Valle, Juan W; Wasan, Harpreet; Lopes, Andre; Backen, Alison C; Palmer, Daniel H; Morris, Karen; Duggan, Marian; Cunningham, David; Anthoney, D Alan; Corrie, Pippa; Madhusudan, Srinivasan; Maraveyas, Anthony; Ross, Paul J; Waters, Justin S; Steward, Will P; Rees, Charlotte; Beare, Sandy; Dive, Caroline; Bridgewater, John A


Juan W Valle

Harpreet Wasan

Andre Lopes

Alison C Backen

Daniel H Palmer

Karen Morris

Marian Duggan

David Cunningham

D Alan Anthoney

Pippa Corrie

Srinivasan Madhusudan

Anthony Maraveyas

Paul J Ross

Justin S Waters

Will P Steward

Charlotte Rees

Sandy Beare

Caroline Dive

John A Bridgewater


Cisplatin and gemcitabine is the standard first-line chemotherapy regimen for patients with advanced biliary tract cancer; expression of VEGF and its receptors is associated with adverse outcomes. We aimed to assess the effect of the addition of cediranib (an oral inhibitor of VEGF receptor 1, 2, and 3) to cisplatin and gemcitabine on progression-free survival.

In this multicentre, placebo-controlled, randomised phase 2 study, we recruited patients aged 18 years or older with histologically confirmed or cytologically confirmed advanced biliary tract cancer from hepatobiliary oncology referral centres in the UK. Patients were eligible if they had an ECOG performance status of 0–1 and an estimated life expectancy of longer than 3 months. Patients were given first-line cisplatin and gemcitabine chemotherapy (25 mg/m2 cisplatin and 1000 mg/m2 gemcitabine [on days 1 and 8 every 21 days, for up to eight cycles]) with either 20 mg oral cediranib or placebo once a day until disease progression. We randomly assigned patients (1:1) with a minimisation algorithm, incorporating the stratification factors: extent of disease, primary disease site, previous treatment, ECOG performance status, and centre. The primary endpoint was progression-free survival in the intention-to-treat population. This study is registered with, number NCT00939848, and was closed on Sept 30, 2014; results of the final analysis for the primary endpoint are presented.

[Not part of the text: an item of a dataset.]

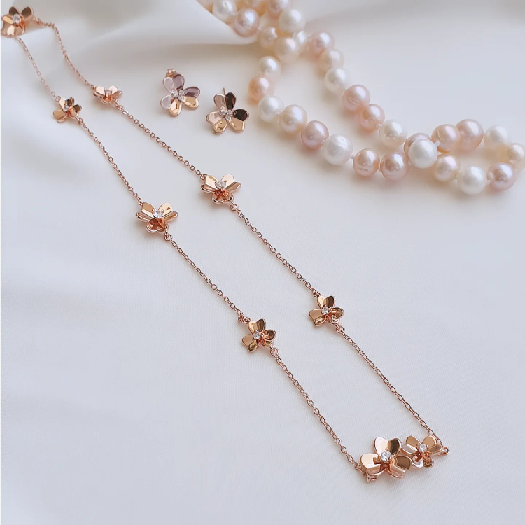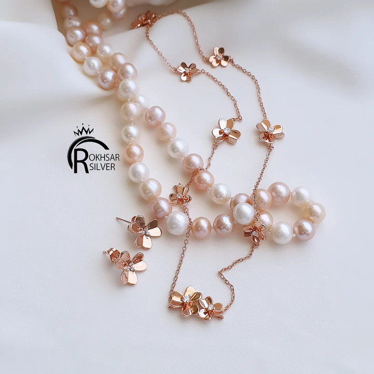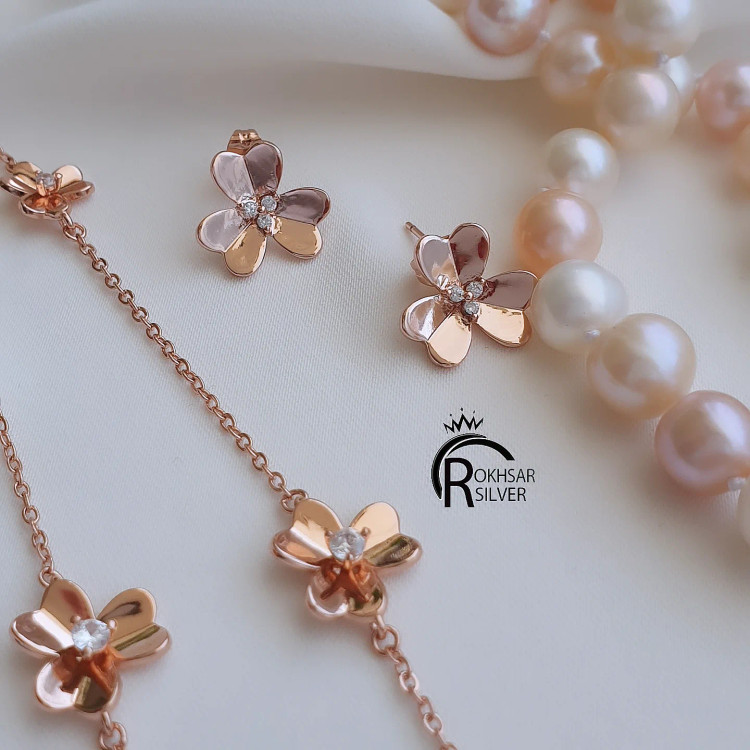 نیم ست زنانه جواهری گل طرح طلا با آبکاری رزگلد مستر در رخسار سیلور

Between April 5, 2011, and Sept 28, 2012, we enrolled 124 patients (62 in each group). With a median follow-up of 12·2 months (IQR 7·3–18·5), median progression-free survival was 8·0 months (95% CI 6·5–9·3) in the cediranib group and 7·4 months (5·7–8·5) in the placebo group (HR 0·93, 80% CI 0·74–1·19, 95% CI 0·65–1·35; p=0·72). Patients who received cediranib had more grade 3–4 toxic effects than did patients who received placebo: hypertension (23 [37%] vs 13 [21%]; p=0·05), diarrhoea (eight [13%] vs two [3%]; p=0·05); platelet count decreased (ten [16%] vs four [6%]; p=0·09), white blood cell decreased (15 [24%] vs seven [11%]; p=0·06) and fatigue (16 [24%] vs seven [11%]; p=0·04).

Cediranib did not improve the progression-free survival of patients with advanced biliary tract cancer in combination with cisplatin and gemcitabine, which remains the standard of care. Although patients in the cediranib group had more adverse events, we recorded no unexpected toxic effects. The role of VEGF inhibition in addition to chemotherapy for patients with advanced biliary tract cancer remains investigational.

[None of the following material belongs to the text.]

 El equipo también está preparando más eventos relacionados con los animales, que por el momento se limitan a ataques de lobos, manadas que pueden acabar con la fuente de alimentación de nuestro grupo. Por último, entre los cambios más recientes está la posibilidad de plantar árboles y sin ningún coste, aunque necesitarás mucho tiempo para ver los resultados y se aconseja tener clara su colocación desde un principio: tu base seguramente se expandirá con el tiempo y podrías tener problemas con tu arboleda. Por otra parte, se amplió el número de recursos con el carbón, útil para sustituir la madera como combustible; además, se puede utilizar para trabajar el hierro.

Journal Article Type Article
Publication Date 2015-08
Journal The Lancet Oncology
Print ISSN 1470-2045
Publisher Elsevier
Peer Reviewed Peer Reviewed
Volume 16
Issue 8
Pages 967-978
APA6 Citation Valle, J. W., Wasan, H., Lopes, A., Backen, A. C., Palmer, D. H., Morris, K., …Bridgewater, J. A. (2015). Cediranib or placebo in combination with cisplatin and gemcitabine chemotherapy for patients with advanced biliary tract cancer (ABC-03): a randomised phase 2 trial. The lancet oncology, 16(8), 967-978.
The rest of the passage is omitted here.